Bug 35378

Summary: Poppler::Document::load() function fails on some MS-Windows configurations
Product: poppler Reporter: yoch <yoch.melka>
Component: qt4 frontendAssignee: poppler-bugs <poppler-bugs>
Status: RESOLVED FIXED QA Contact:
Severity: normal    
Priority: medium    
Version: unspecified   
Hardware: x86 (IA32)   
OS: Windows (All)   
Whiteboard:
i915 platform: i915 features:
Attachments: 0001-qt4-Use-PDFDoc-wchar_t-.-on-Windows.patch

Description yoch 2011-03-17 01:01:05 UTC
I,

I'm used poppler-qt4 with Qt (4.7) for displaying pdf documents.

Some users have encountered a bug: the documents are not displayed, because load() function fails on their system (it's works perfectly for me).

It seems that this is because those users use a system in Hebrew, but 
maybe is it something else (I'm using Vista and they are under Seven).

I replaced the call to load () function with a call to the function loadFromData () and everything works perfectly for everyone ...

Thanks...
Comment 1 Albert Astals Cid 2011-03-17 03:08:51 UTC
Unless you can provide precise examples of what is wrong i don't know how you expect us to fix anything.
Comment 2 yoch 2011-03-17 04:26:10 UTC
(In reply to comment #1)
> Unless you can provide precise examples of what is wrong i don't know how you
> expect us to fix anything.

The trouble is that it works for me... This bug occurs on Systems like MS-Windows Seven in hebrew, or MS-Windows Seven x64 in French, etc. The problem is clearly that the load() function fails on some systems, and that document is not initialized.

I looked at the sources of poppler-qt4, notament poppler-document.cc, and I think that the problem depends on the use of the function QFile:: EncodeName ()

In the documentation of Qt, section QString::toLocal8Bit(), it says:
"If this string contains"any characters encoded That Can not Be In The Local, The Returned byte array is undefined. Those characters suppressed Gold May Be Replaced by Another."

For example, you can solve this problem by calling loadFromData() since the load() function, like this :

Document *Document::load(const QString &filePath, const QByteArray &ownerPassword, const QByteArray &userPassword)
{
    QFile file(filePath);
    if (!file.open(QIODevice::ReadOnly))
        return NULL;

    QByteArray data = file.read( file.size() ); file.close();
    return loadFromData(data);
}
Comment 3 Albert Astals Cid 2011-03-17 04:37:27 UTC
QFile:: EncodeName () is correct, it is what you have to use when you pass QStrings to functions like fopen that are 8bit aware.
Comment 4 yoch 2011-03-20 02:36:54 UTC
(In reply to comment #3)
> QFile:: EncodeName () is correct, it is what you have to use when you pass
> QStrings to functions like fopen that are 8bit aware.

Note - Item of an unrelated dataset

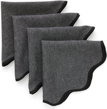 Linen Dinner Napkins Set of 4, 20 Inch Round for Dining Table, Holiday and Everyday Table Decor - Giselle Scallop Edge
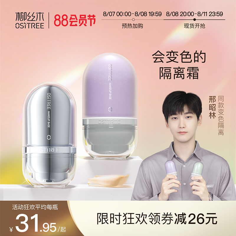 券 30元销量500柳丝木变色隔离霜女素颜霜妆前乳打底提亮遮瑕保湿三合一学生正品

I'm don't think. How do you explain that the call to load() does not always work, whereas if I use my patch that works perfectly ?
Comment 5 Albert Astals Cid 2011-03-20 06:15:17 UTC
http://doc.qt.nokia.com/4.6/qfile.html#encodeName
Comment 6 yoch 2011-03-23 00:54:22 UTC
(In reply to comment #5)
> http://doc.qt.nokia.com/4.6/qfile.html#encodeName

Okay, so you say the problem comes from Qt ?
Comment 7 Albert Astals Cid 2011-03-23 01:52:04 UTC
No.
Comment 8 yoch 2011-03-23 04:35:03 UTC
Feel free to believe me or not...

This bug exists really in Windows Seven, which is clearly due to QFile::EncodeName() function, or more generally the QString::toLocale8Bit() function, which does not properly convert all the characters ...

The bug is easy to reproduce : use poppler_qt4viewer.exe on Windows Seven, and try to open a pdf file whith filename or pathname contains hebrew chars (probably also other exotic characters)...

++
Comment 9 Albert Astals Cid 2011-03-23 11:54:28 UTC
Then it's you saying it's a Qt bug?
Comment 10 yoch 2011-03-24 00:42:58 UTC
(In reply to comment #9)
> Then it's you saying it's a Qt bug?

I think (but I could be wrong).

Bugreport created :
http://bugreports.qt.nokia.com/browse/QTBUG-18274
Comment 11 yoch 2011-04-18 05:57:07 UTC
Okay, this is not a bug in Qt.

I quote the reply to my report :

"imo this is invalid use case. QFile::encodeName is documented to encode the file name in a local 8 bit encoding, which will is not unicode, hence it will not be able to handle certain characters.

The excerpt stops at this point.